仮想通貨が急騰した2017年には、確定申告の仕方も国税庁がQ&Aで明らかにしてきました。
ただ2017年の確定申告では、自分でデータ集計して取得費を計算したり、円に換えたわけでもないのに収入として申告したりするケースが存在するなど、株やFXに比べると煩雑さも目立ちました。
2018年に入ってからの仮想通貨の値動きは残念な状況ですが、一方で確定申告に関しては簡素化に向けての動きが進みました。

目次
国税庁の研究会で簡素化を検討
2017年(平成29年)分の確定申告期間が終わった2018年4月より、国税庁が仮想通貨交換業者をまじえ、「仮想通貨取引等に係る申告等の環境整備に関する研究会」で確定申告の簡素化が議論されました。
その結果は、2018年10~11月に開催された政府税制調査会で報告されました。確定申告に関しては、2018年分より下記2点が行われることになりました。

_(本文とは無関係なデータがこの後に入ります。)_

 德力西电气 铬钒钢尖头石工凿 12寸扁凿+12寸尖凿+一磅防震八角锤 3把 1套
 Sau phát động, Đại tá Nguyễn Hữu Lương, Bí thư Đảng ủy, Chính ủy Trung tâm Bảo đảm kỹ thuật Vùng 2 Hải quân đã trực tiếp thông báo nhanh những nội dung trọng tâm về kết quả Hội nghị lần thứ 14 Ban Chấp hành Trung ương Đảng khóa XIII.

・ 統一された様式の「年間取引報告書」を、仮想通貨交換業者に発行してもらう
・ 国税庁は「仮想通貨の計算書」を用意する
各業者が年間取引報告書を発行へ
複数の仮想通貨の取引を、1枚の書類にまとめた年間取引報告書が発行されます。
仮想通貨ごとに購入と売却の情報がまとめられますが、この報告書からは移動平均法による取得費は計算できないと見受けられます。

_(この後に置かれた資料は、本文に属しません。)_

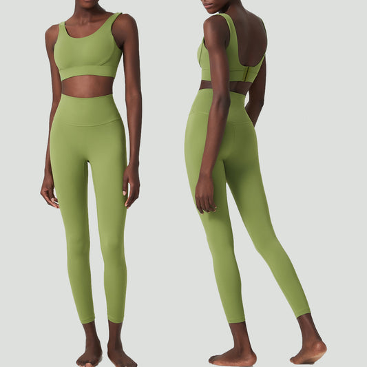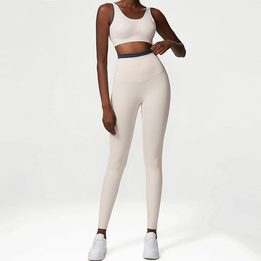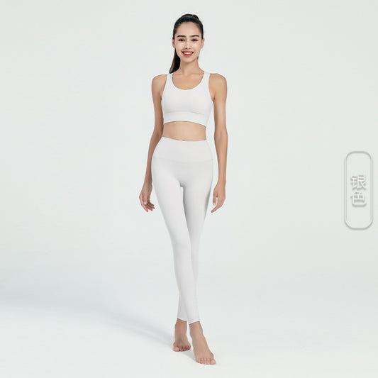 European and American simple body fitness yoga clothes women's comfortable nude sports vest quick-drying sweat-wicking running trousers suit
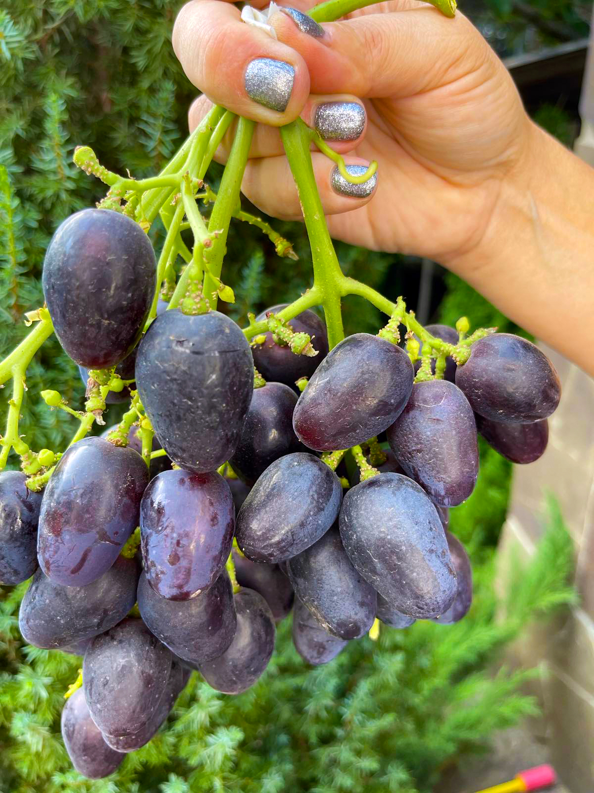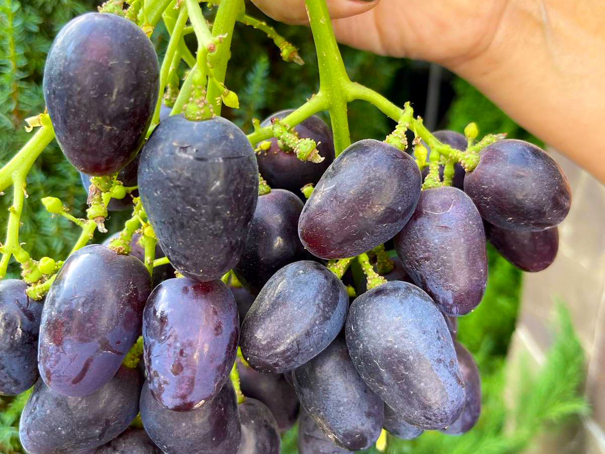 Ягоди овально-ромбовидні, у стадії повної зрілості забарвлені у фіолетово-синій колір, дуже великі (як для кишмишу), окрема виноградина сягає приблизно 34х48 мм і важать 12-16 грамів. М'якоть дуже м'ясиста, соковита і хрумка. Шкірка тонка, але міцна, не розтріскується, легко з'їдається. Смак гармонійний, де насолода переплітається з легкими фруктовими нотками, створюючи освіжаючий букет без зайвої приторності. Вміст цукру в ягодах становить 20%. Сорт відноситься до III класу безнасінності, коли ягода містить від 10,1 до 14 мг рудиментів (зачатків кісточок), які можуть бути відчутні при пережовуванні, особливо в ягодах, що перестигли. Виноград має відмінну товарність, добре зберігається на кущах до кінця вересня, не втрачаючи свіжості та привабливості.

総平均法により取得費を計算する場合に、この年間取引報告書を用いて簡便に確定申告を行えます。
年間取引報告書を基に仮想通貨の計算書に記載

さらにこの年間取引報告書の内容は、「仮想通貨の計算書」に転記することにより、収入金額と必要経費額を算出できます。
なお、1種類の仮想通貨につき1枚の計算書を使用します。例えば2018年にビットコインとイーサリアムの取引を行って所得を得た場合、2枚使います。

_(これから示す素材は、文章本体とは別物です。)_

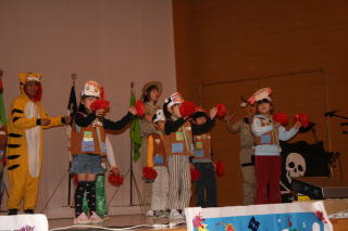 スワロー班。ポニョの音楽に合わせて踊りました。
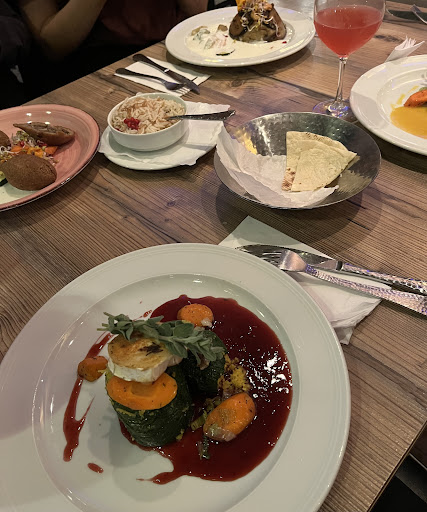I spent my evening with friends here and we had such a lovely time. The service was very welcoming and made suggestions for food. We shared the mazza and they were so yum! The different flavours and textures made it fun to try and everyone had their own favorite. One friend had lamb, another had falafel and one had eggplant in a yoghurt sauce. I had the courgettes in a blackberry-ginger sauce. Everyone of us was happy with their choice and it was so good. We really enjoyed the restaurant and the ambiente from inside is even prettier than the outside. At the end we got some ice cream to try, which was very nice of them. I recommend to come here because I will definitely come back.
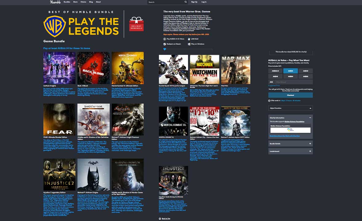 • Warner Bros 16 Item Mega Bndl (-98%) – A$20.10 A ridiculous value bundle stacked with recognisable franchises and genuine time sinks.
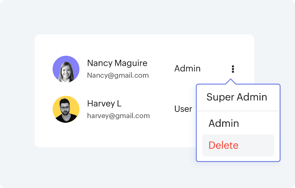 Compliance with data security and privacy protocols is crucial for your business reputation. With Zoho People, you can get field-level access controls, encryption, and other robust security measures. Give access to employee information based on job roles and responsibilities.
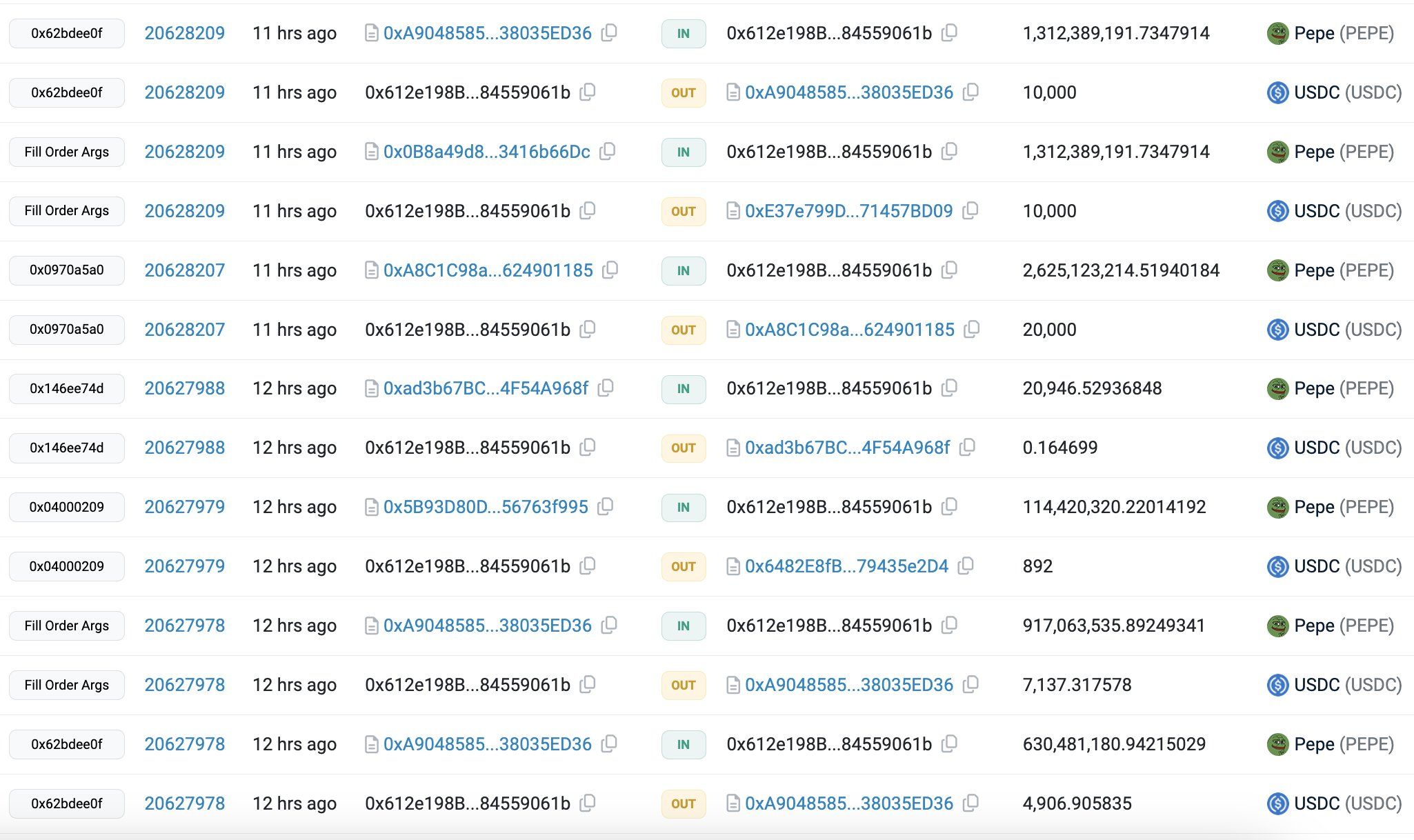 Zgodnie z danymi Lookonchain, portfel powiązany z firmą zarządzającą inwestycjami w kryptoaktywa Ceffu kupił 1,48 biliona tokenów PEPE o wartości 11,6 miliona USD. To daje łącznie prawie 2 biliony zgromadzonych tokenów w ciągu jednego dnia.

仮想通貨の計算書は、2018年11月21日よりEXCEL形式でダウンロードできるようになりました。
移動平均法から総平均法に変えても良い
この仮想通貨の計算書も、総平均法に対応しています。移動平均法と総平均法、どちらを選ぶにしても継続適用が求められていますが、「これならば総平均法にしていたのに…」と考える方もいるでしょう。
この場合はFAQでも明らかにされていますが、今回から総平均法に変更しても差し支えありません。ただし、みだりに計算方法を変更してはいけないので、今後は総平均法を継続適用してください。
簡素化から漏れた取引もあるので注意

年間取引報告書や仮想通貨の計算書を見ればわかりますが、簡素化の対象は下記のものです。
1. 法定通貨で仮想通貨を購入し、売却して法定通貨に換える
2. 証拠金取引を行う
1は「2年間取引報告書に関する事項」欄に、2の証拠金取引は「5 仮想通貨の所得金額の計算」欄に記載できます。
一方で仮想通貨決済して所得が計上された場合などは、報告書を用いず「3 上記2以外の取引に関する事項」の欄に記載しますが、この点は簡素化されていません。(執筆者:AFP、2級FP技能士 石谷 彰彦)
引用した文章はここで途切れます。